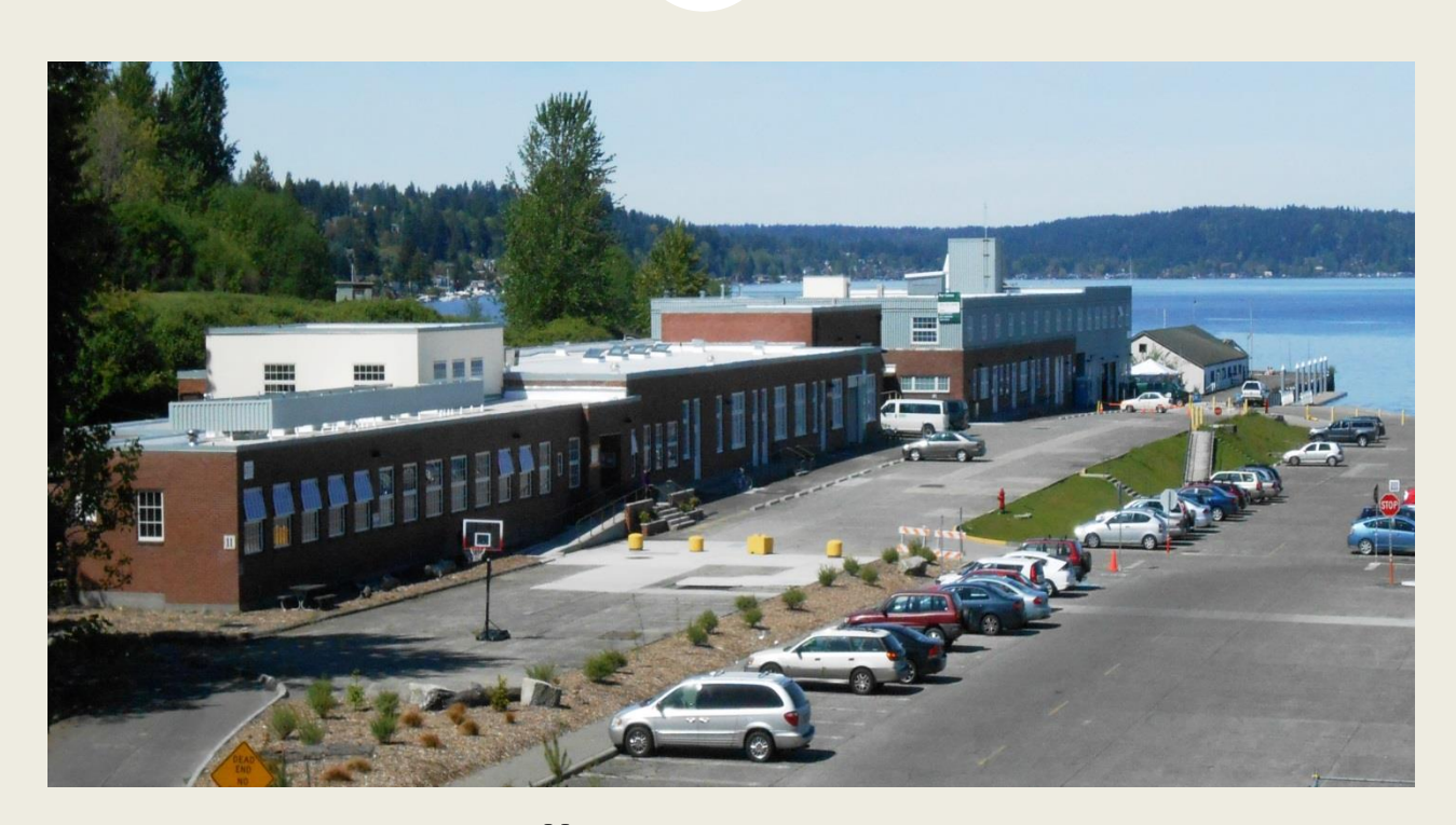
Oiselle Running, Inc. Building 11 – Magnuson Park
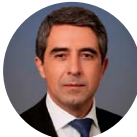
Rosen Plevneliev Former President of the Republic of Bulgaria
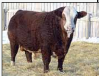
Brink Bullet Proof

FULLBLOOD FEMALE 1202235 JNR 754E 09 January 2017
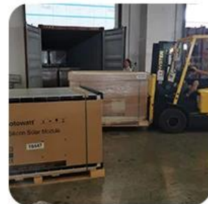
6) Loading to Container
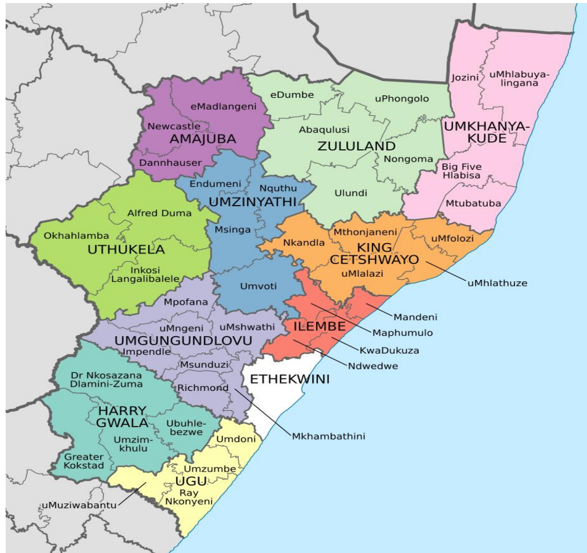
Map of the location of the study
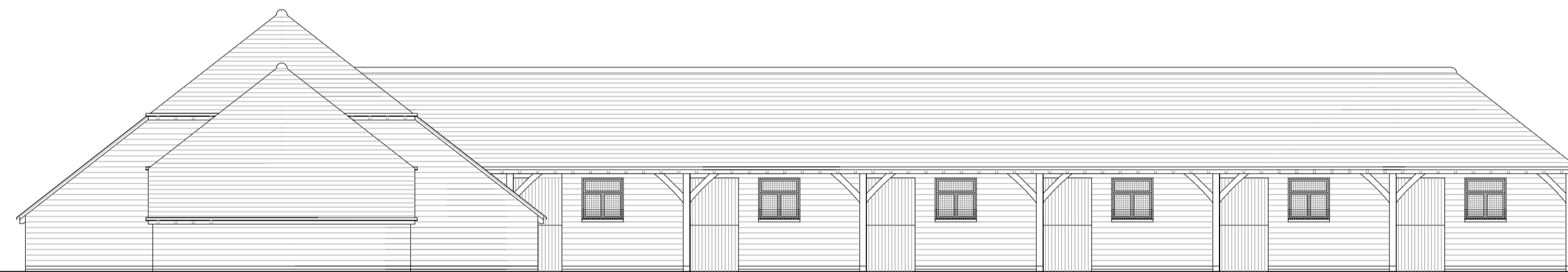
W E S T E L E V A T I O N
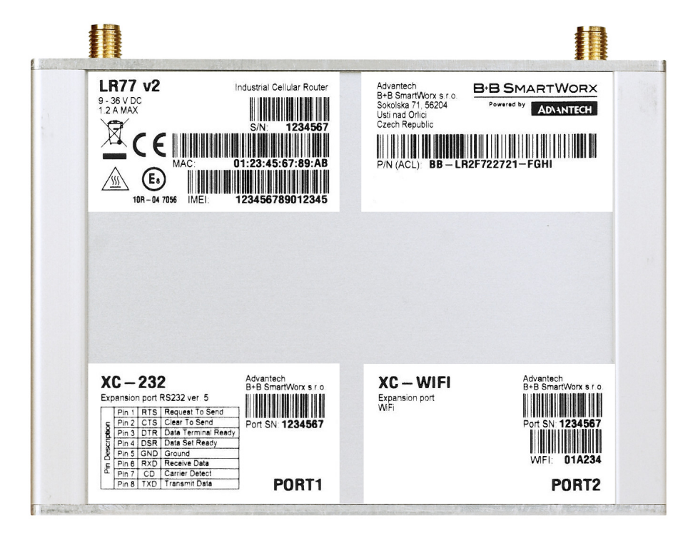
Figure 6: Example of labels on bottom of v2 metal router - from top left: Product label, Product Number label, PORT1 label (optional) and PORT2 label (optional).

# YOUR ASSIGNMENT
In the answer, the entries must appear exactly as above, without the images.

# TASK RESULT
Oiselle Running, Inc. Building 11 – Magnuson Park
Rosen Plevneliev Former President of the Republic of Bulgaria
Brink Bullet Proof

FULLBLOOD FEMALE 1202235 JNR 754E 09 January 2017
6) Loading to Container
Map of the location of the study
W E S T E L E V A T I O N
Figure 6: Example of labels on bottom of v2 metal router - from top left: Product label, Product Number label, PORT1 label (optional) and PORT2 label (optional).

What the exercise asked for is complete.